French diminutive meaning 'little thing,' widely known from Victor Hugo's Les Misérables.
Cosette is one of those rare names whose story is inseparable from literature. It comes from French chosette, often glossed as "little thing," a diminutive with a delicate, almost affectionate domestic quality. Victor Hugo used it as the nickname of Fantine's daughter in Les Misérables, though the girl's formal name in the novel is Euphrasie.
Because of Hugo, Cosette moved from the realm of a pet name into the world of given names, carried not by ancient lineage but by emotional force. Its literary associations are enormous. Cosette begins as a child of hardship and neglect under the Thénardiers and becomes, under Jean Valjean's protection, a figure of innocence, hope, and renewal.
Later adaptations, especially the globally successful stage musical, gave the name even wider reach.
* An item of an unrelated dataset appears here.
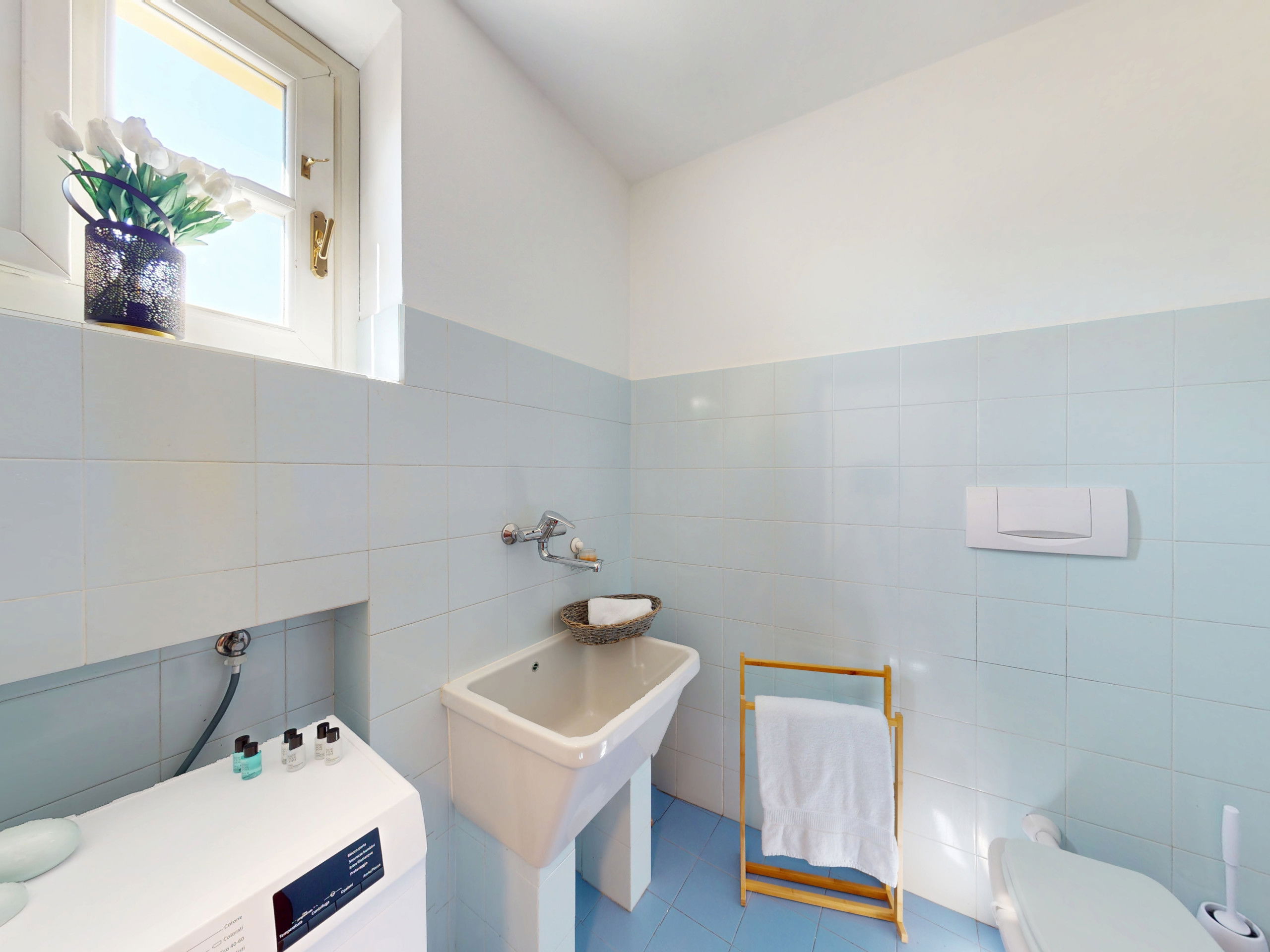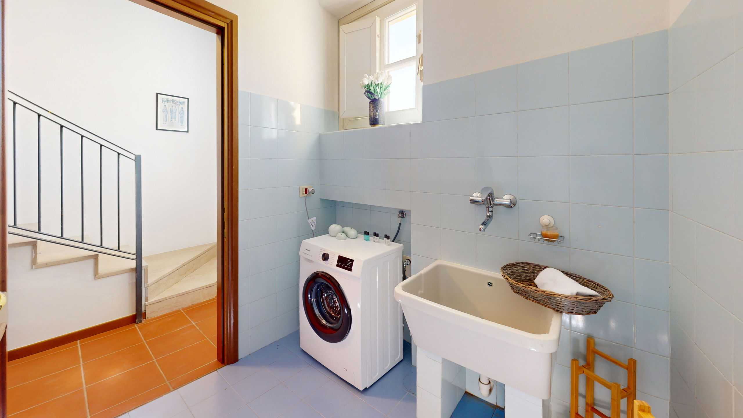 On the same floor, a practical bathroom with a washing machine.
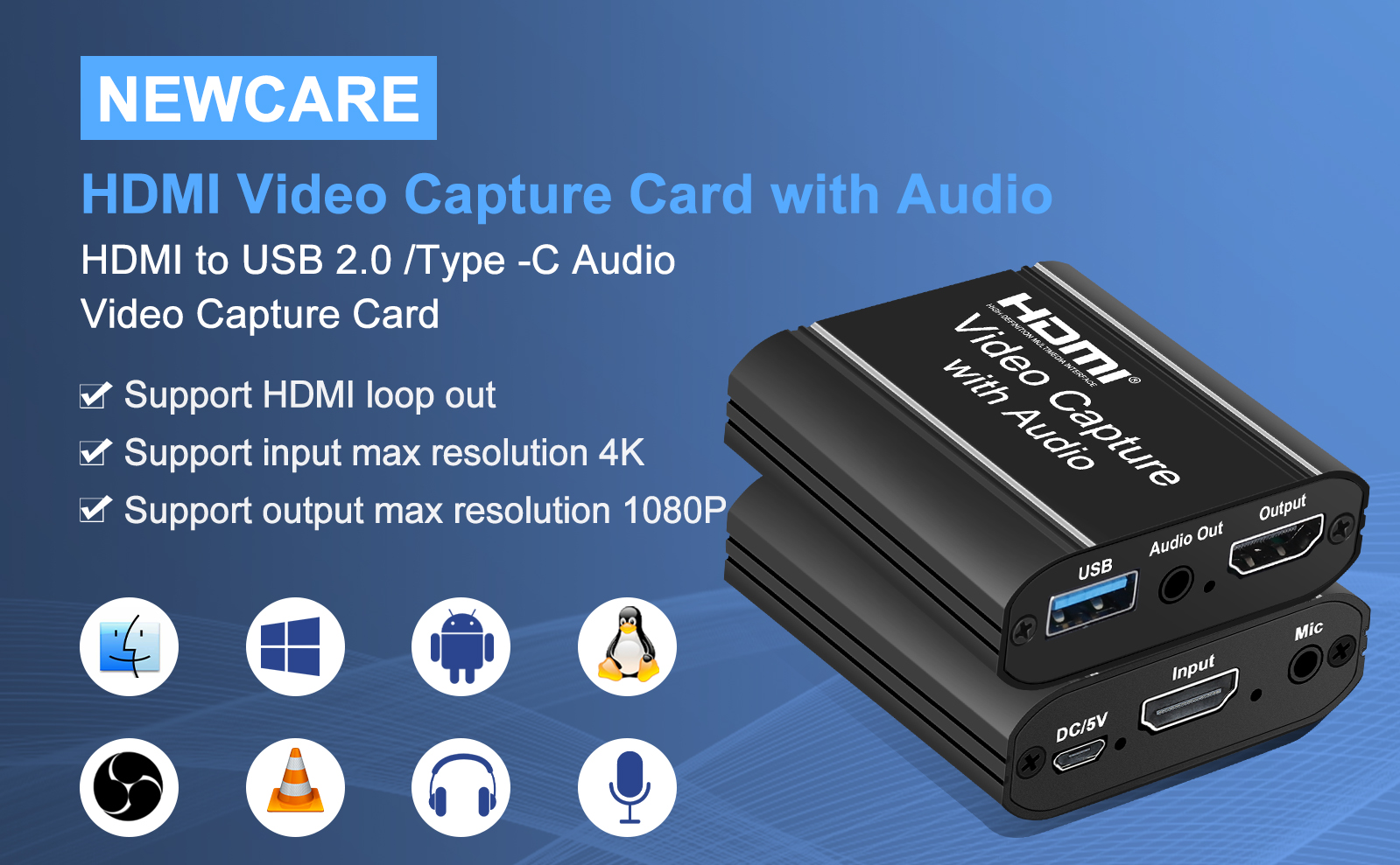 ◀ بطاقة التقاط فيديو HDMI 4K: تحتوي بطاقة التقاط الألعاب HDMI من NEWCARE على شريحة ذكية مدمجة متطورة، والهيكل مصنوع من سبائك الألومنيوم، وهي عصرية وصغيرة الحجم. يمكنه تحويل إشارات الصوت والفيديو إلى الكمبيوتر والهاتف الذكي للمعاينة والتخزين. دعم حلقة الفيديو، ومناسبة للحصول على دقة عالية، وتسجيل التدريس، والتصوير الطبي، وما إلى ذلك.

For many people, Cosette immediately evokes candlelight, Paris, revolution, and the tender emotional architecture of Hugo's story. In usage, Cosette has remained uncommon, which is part of its charm.
It sounds French, refined, and unmistakably narrative, more like a heroine than a trend. Parents drawn to it are often choosing not just a sound but a mood: romantic, literary, resilient. Unlike many old French names, Cosette did not travel through dynasties or saints; it entered the modern naming world through art. That gives it a special aura, as though it was born already carrying a plot.